▶ _Input data_:
******
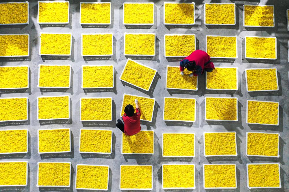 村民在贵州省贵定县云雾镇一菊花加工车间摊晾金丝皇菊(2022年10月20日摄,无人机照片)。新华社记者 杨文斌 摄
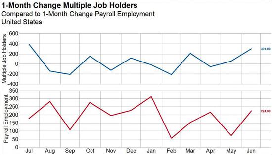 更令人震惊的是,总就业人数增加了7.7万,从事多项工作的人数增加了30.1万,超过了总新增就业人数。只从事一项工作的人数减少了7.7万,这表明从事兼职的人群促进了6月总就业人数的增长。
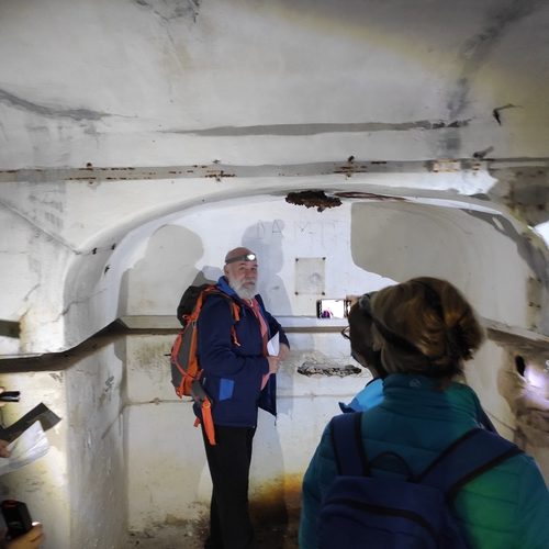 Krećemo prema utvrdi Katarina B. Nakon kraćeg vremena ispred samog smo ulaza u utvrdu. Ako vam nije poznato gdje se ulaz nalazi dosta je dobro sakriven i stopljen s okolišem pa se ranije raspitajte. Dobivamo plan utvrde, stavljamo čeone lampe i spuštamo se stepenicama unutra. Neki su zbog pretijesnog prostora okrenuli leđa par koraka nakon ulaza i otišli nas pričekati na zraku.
******
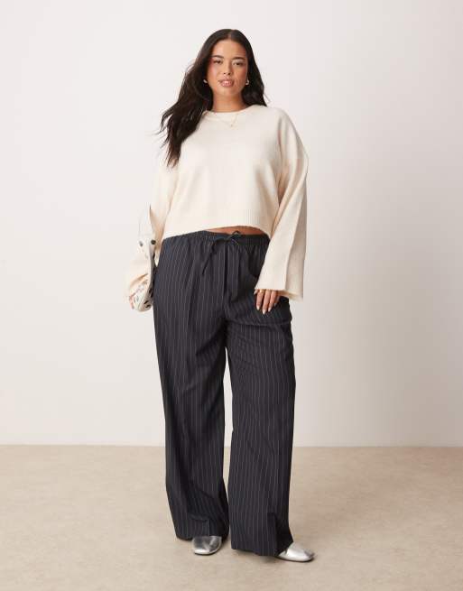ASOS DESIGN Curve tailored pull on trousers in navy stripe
******
▶ _Task details_: Within the listing above, print exactly the stretch beginning at the line that contains "村民在贵州省贵定县云雾镇一菊花加工车间摊晾金丝皇菊(2022年10月20日摄,无人机照片)。新华社记者 杨文斌 摄" and finishing at the line that contains "Krećemo prema utvrdi", ends kept, pictures left out, and nothing more.

▶ _Completed exercise_:
 村民在贵州省贵定县云雾镇一菊花加工车间摊晾金丝皇菊(2022年10月20日摄,无人机照片)。新华社记者 杨文斌 摄
 更令人震惊的是,总就业人数增加了7.7万,从事多项工作的人数增加了30.1万,超过了总新增就业人数。只从事一项工作的人数减少了7.7万,这表明从事兼职的人群促进了6月总就业人数的增长。
 Krećemo prema utvrdi Katarina B. Nakon kraćeg vremena ispred samog smo ulaza u utvrdu. Ako vam nije poznato gdje se ulaz nalazi dosta je dobro sakriven i stopljen s okolišem pa se ranije raspitajte. Dobivamo plan utvrde, stavljamo čeone lampe i spuštamo se stepenicama unutra. Neki su zbog pretijesnog prostora okrenuli leđa par koraka nakon ulaza i otišli nas pričekati na zraku.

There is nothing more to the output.